- Genre: Sitcom
- Created by: Josh Widdicombe
- Written by: Josh Widdicombe Tom Craine
- Directed by: David Schneider
- Starring: Josh Widdicombe Elis James Beattie Edmondson Jack Dee
- Country of origin: United Kingdom
- Original language: English
- No. of series: 3
- No. of episodes: 19 (list of episodes)

Production
- Executive producer: Stephen McCrumb
- Producer: Simon Mayhew-Archer
- Production location: London
- Running time: 25–28 minutes
- Production company: BBC

Original release
- Network: BBC Three / BBC One
- Release: 29 August 2014
- Release: 11 November 2015 – 6 November 2017

= Josh (TV series) =

British TV series (2014–2017)

Josh is a British sitcom television series about three young adults who share a flat near Holloway Road in north London. The series was created by and starred comedian and namesake Josh Widdicombe. A pilot episode aired in 2014 as part of the BBC "Comedy Feeds", and a full six-episode series aired from 11 November to 16 December 2015 on BBC Three. A second series of Josh was released from 22 September 2016 on Three's then online-only channel. The day that the final episode of series two aired on BBC One, the BBC announced it had commissioned a third series, which was released on 2 October 2017.

==Characters==
- Josh Widdicombe as Josh, a struggling stand-up comedian who gets stuck with bad luck
- Elis James as Owen, a Welsh lothario who works in a café
- Beattie Edmondson as Kate, a neurotic slacker
- Jack Dee as Geoff, the eccentric landlord to the three protagonists
- Jennifer Saunders as Judith, Kate's mother (also Edmondson's real-life mother)

==Critical reception==
In their review of Josh, The Independent commented that there was "nothing original or remarkable about the set-up – or much of the script – but there's promising chemistry between its stars." They said that the main actors were far too old to be convincing 20-something university pals. However, they singled out Edmondson as "very watchable", saying her "comic timing stuck out".

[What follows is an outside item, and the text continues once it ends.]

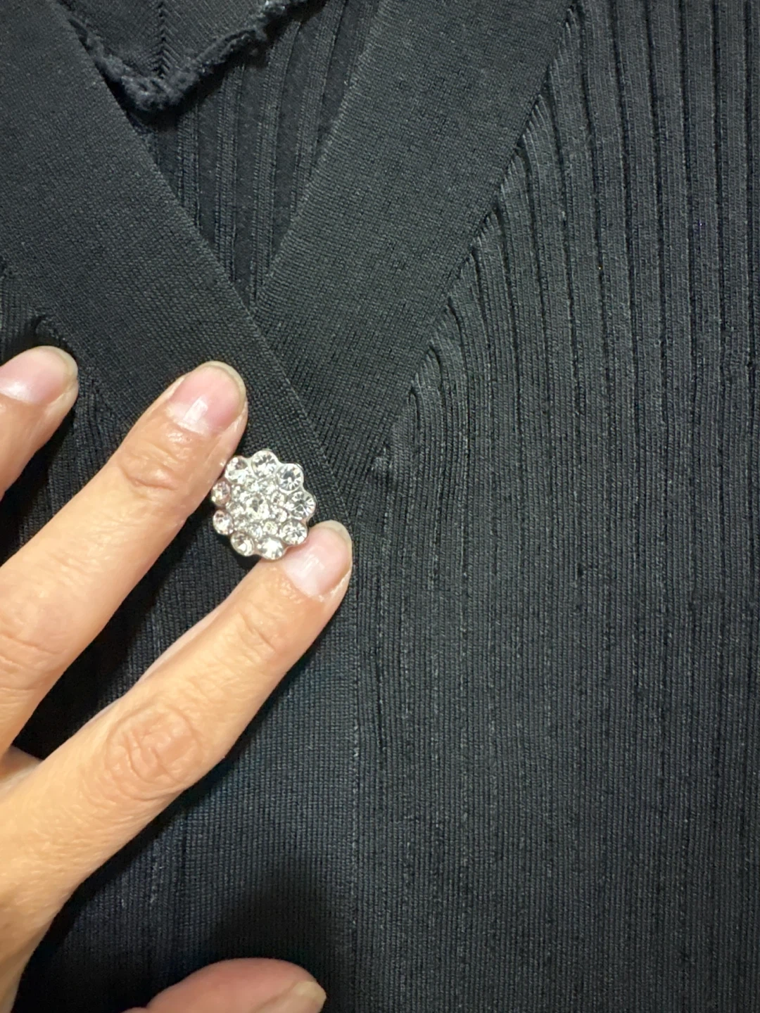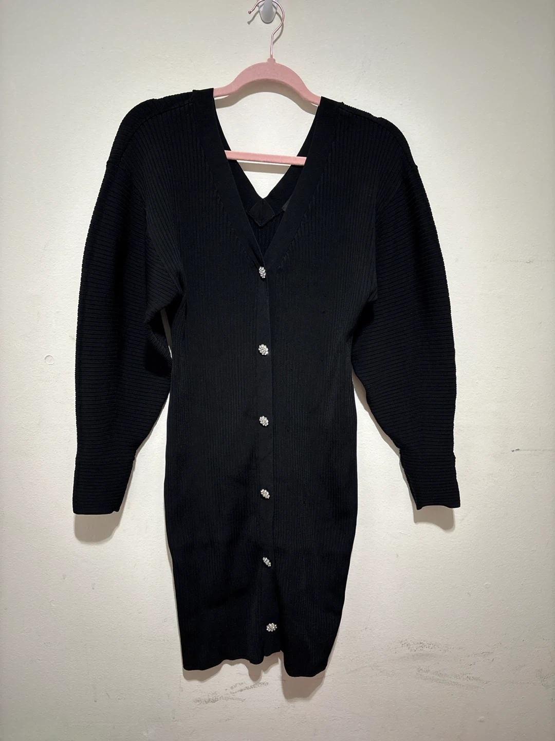 Selling a cute black ribbed knit dress from Express! It's a size medium and features a flattering V-neck with decorative buttons. Perfect for a night out or a casual day!

The Arts Desk was scathing about the series, saying "It's horribly bland and it's difficult to see how Josh can avoid suffering the ignominy of lasting only one series".

The Guardian thought there was "a nice chemistry" between the three main characters and the series was funny "in a nice, cosy, safe, familial, familiar kind of way".

Chortle said "the comedy, which returns to BBC Three tomorrow despite a tepid critical response last year, is technically competent and adheres to all the rules of the genre: the scenes are tight and each line works towards a gag. But it’s also bland, lacking a strong personality or deeper purpose other than to deliver contrived lines. Nothing much has changed since the first series."

==DVD releases==
A DVD set containing the episodes of the first series was released on 5 September 2016. A second series DVD set was made available on 31 October 2016. A third series DVD set was made available on 13 November 2017.